Adolescenti. Ascoltarsi davvero significa "incontrarsi", uscire dai recenti del proprio ego e trovare l'altro
Quando un ragazzo ci parla non bisogna mai commettere il grave errore di decontestualizzare il contenuto che passa attraverso le parole.
Nella sezione “buoni propositi” del mese di settembre dell’agenda educativa di genitori e insegnanti bisognerebbe evidenziare in rosso, tra le priorità, la parola “ascolto”.
Prima di lasciare che il fiume della nostra esistenza torni a orientare il suo flusso in anse note e non sempre salubri, sarebbe il caso di apportare delle piccole correzioni (o addirittura deviazioni, se ne troviamo il coraggio!) affinché le acque visitino anche quegli argini in evidente stato di abbandono.
Perché la parola “ascolto”? Perché tutto parte da lì.
Ascoltarsi davvero significa “incontrarsi”, uscire dai recinti del proprio ego e trovare l’altro.
L’ascolto è un esercizio che quotidianamente pratichiamo, ma può essere prestato a vari livelli e di questo non siamo del tutto consapevoli.

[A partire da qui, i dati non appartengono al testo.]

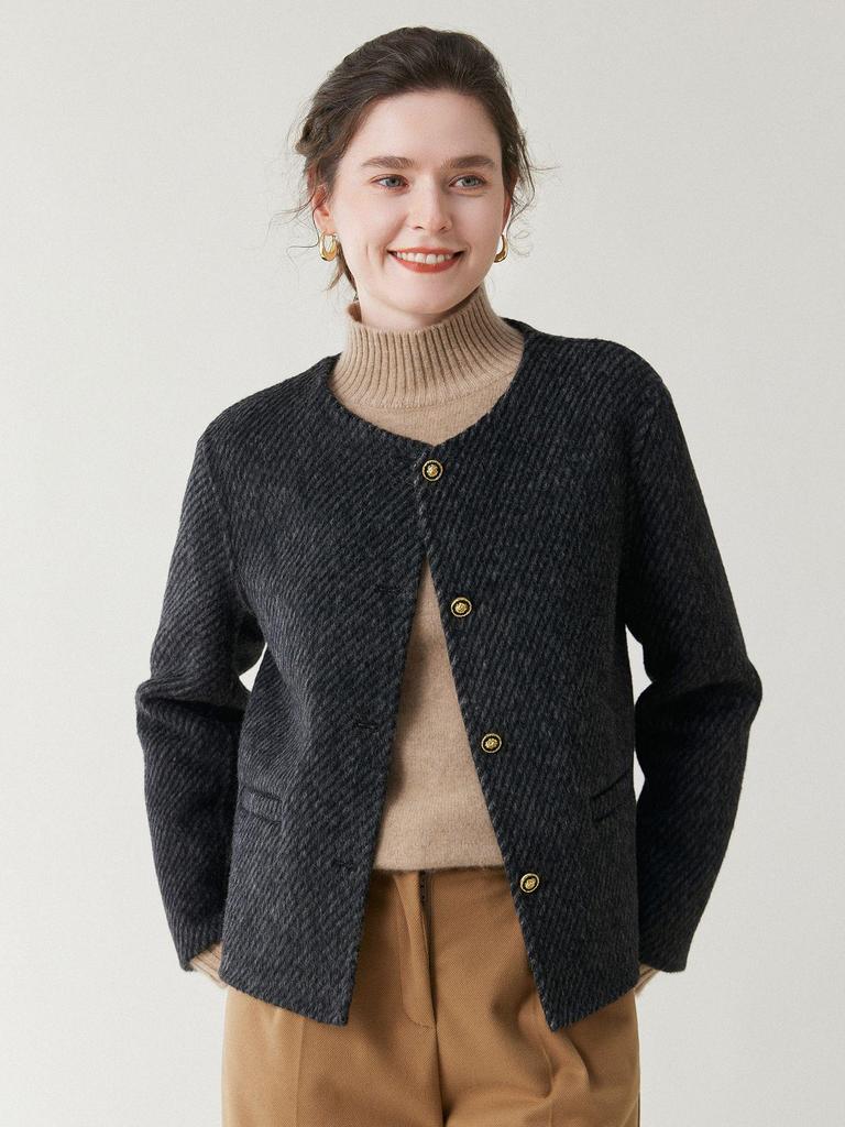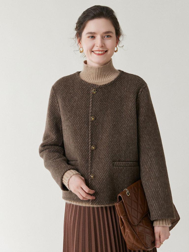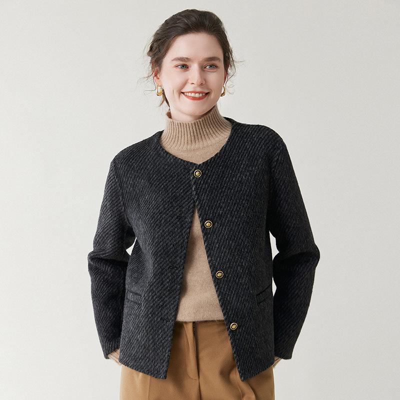 Women's Retro Double-Faced Wool Coat with Metal Buckle - Short/Long, Thickened for Autumn/Winter

Se il vulnus nella relazione genitori-figli e docenti-discenti è il demone dell’incomunicabilità, come spesso siamo portati a sostenere, il baco è evidentemente nella pratica dell’ascolto e si chiama fraintendimento.
E’ veramente difficile ascoltare profondamente qualcuno, anche se ci disponiamo a farlo con le migliori intenzioni. L’ascolto è una competenza che passa attraverso un complesso sistema di decodifica. Nelle parole dell’altro ci sono contenuti emotivi che non sempre riusciamo a tradurre e recepire. Inoltre, la comunicazione interpersonale avviene anche mediante un articolato sistema di scambio, che potremmo definire “primordiale”: ovvero, il codice non verbale. Ci riferiamo alla gestualità, alla mimica facciale e persino alle pause che spesso si rivelano fondamentali nello scambio tra le persone. Ecco perché la comunicazione digitale può facilmente assumere forme di grave aberrazione: è manchevole proprio di questi essenziali elementi costitutivi, che permettono alle emozioni e ai sentimenti dell’essere umano di manifestarsi.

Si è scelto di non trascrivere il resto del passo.